REUTERS

Serangan bom mobil kembar mengguncang kota Benghazi, Libya timur pada Selasa (23/1/2018) malam waktu setempat, menyebabkan sedikitnya 33 orang tewas dan 50 orang terluka. Foto ini bukan terkait serangan terbaru tersebut, namun kejadian terdahulu untuk ilustrasi.

Di tengah keraguan banyak pihak, Perancis tetap melaksanakan pertemuan semua pihak yang bertikai di Libya untuk mencari peta jalan menuju pemilu.

Namun, pada pertemuan Selasa (29/5/2018) di Paris, semua faksi di Libya sepakat untuk mengadakan pemilihan parlemen dan presiden pada 10 Desember 2018. Empat pihak yang terlibat dalam pertikaian yang kemarin berunding juga sepakat "menyelesaikan dasar konstitusional untuk pemilihan" sebelum 16 September 2018.

Empat pihak yang terlibat dalam pembicaraan di Paris adalah Perdana Menteri Fayez Sarraj, yang diakui dunia internasional termasuk PBB; pemimpin tentara nasional Libya yang mengontrol Libya timur, Khalifa Haftar; Ketua DPR yang berbasis di Tobruk, Aghela Saleh; dan Ketua Dewan Tinggi Negara, sebuah dewan yang berbasis di Tripoli, Khaled Mishri.

Perwakilan dari sekitar 20 negara yang terlibat dalam krisis di Libya diundang ke pertemuan ini. Hal ini wajar karena kekuatan regional akan ikut menentukan keberhasilan pelaksanaan hasil kesepakatan.

Setelah Moammar Khadafy tumbang pada 2011, Libya menjadi negara yang terpecah belah. Negara Islam di Irak dan Suriah (NIIS) mengambil keuntungan dari konflik berkepanjangan ini, hingga mereka bisa mengontrol sebagian wilayah pantai, termasuk Sirte, hingga pertengahan 2017.

PBB dan Italia pernah menginisiasi pertemuan untuk menjembatani kepentingan setiap kelompok, tetapi selalu gagal. Namun, pada pertemuan Paris kemarin, jalan untuk dapat menggelar pemilihan umum presiden dan parlemen tahun 2018 ini sudah disepakati.

Yang belum jelas, mana yang harus didahulukan: voting untuk konstitusi atau pemilu.
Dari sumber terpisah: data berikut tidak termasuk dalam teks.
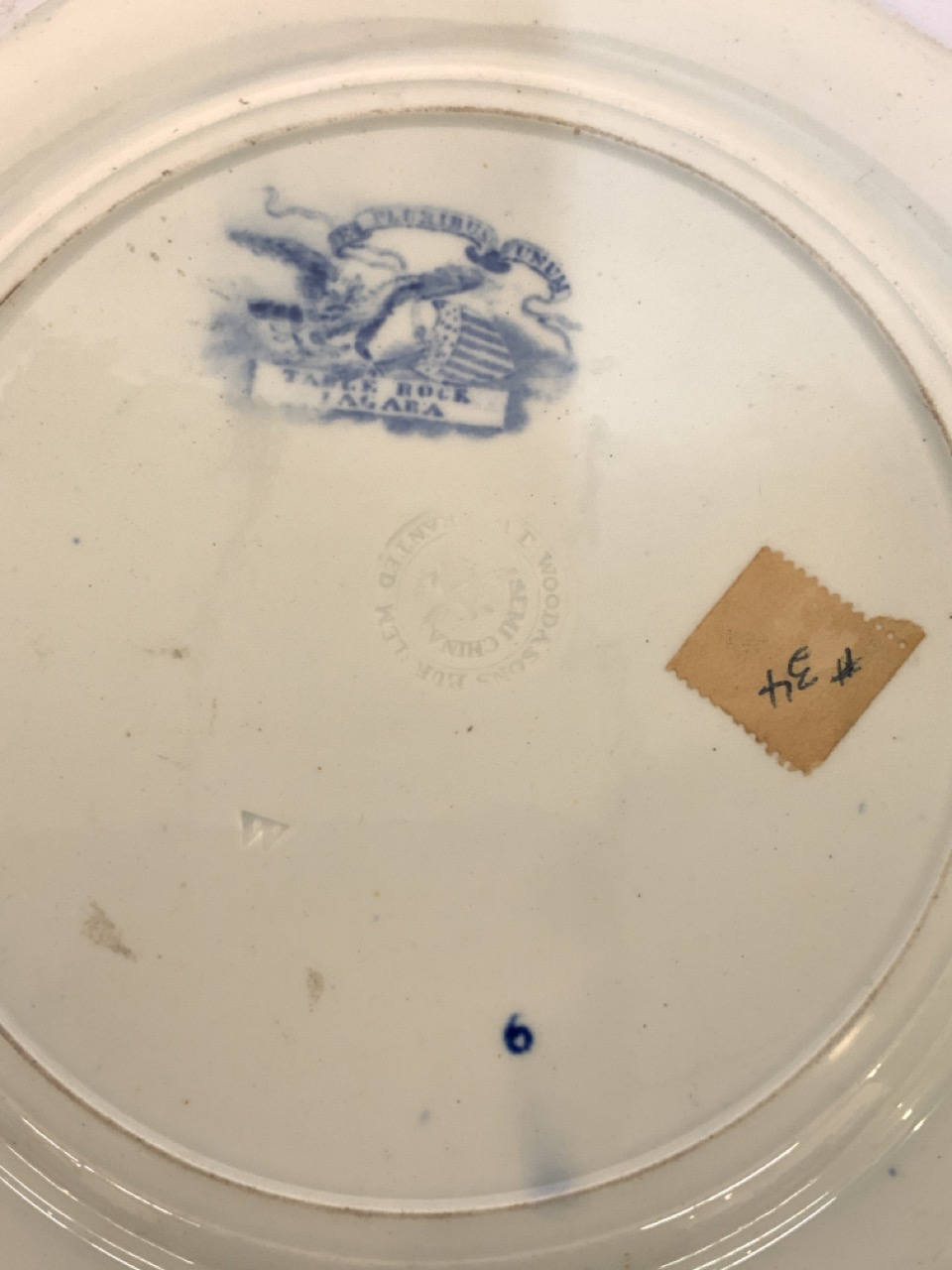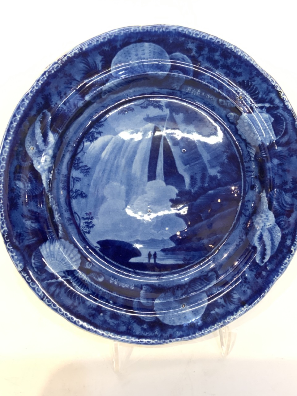 Historical blue Staffordshire "Niagara Falls" flow blue dinner plate. Good condition.

Negara seperti Italia, Turki, Qatar, dan AS percaya konstitusi harus selesai lebih dahulu sebelum pemilu berlangsung. Sebaliknya, Mesir, Uni Emirat Arab, dan Perancis menginginkan pemilu presiden terlebih dahulu.

Para pemimpin Eropa yakin, stabilitas di Libya menjadi salah satu kunci bagi keamanan Eropa dari ancaman kelompok radikal dan migrasi warga tanduk Afrika. Upaya menstabilkan Libya menjadi lebih rumit dengan berbagai kepentingan negara di Timur Tengah, yang kadang-kadang mendukung pihak yang berseberangan dalam pertempuran, serta persaingan antarnegara Eropa.

Perancis, sebagai inisiator pertemuan, mendapat kritik dari banyak pihak. Perancis dicurigai mendukung Haftar (75), seorang pemimpin militer kuat yang telah memerangi milisi Islam dan yang baru-baru ini dirawat di rumah sakit Paris. Namun, tuduhan itu tidak ditanggapi Perancis.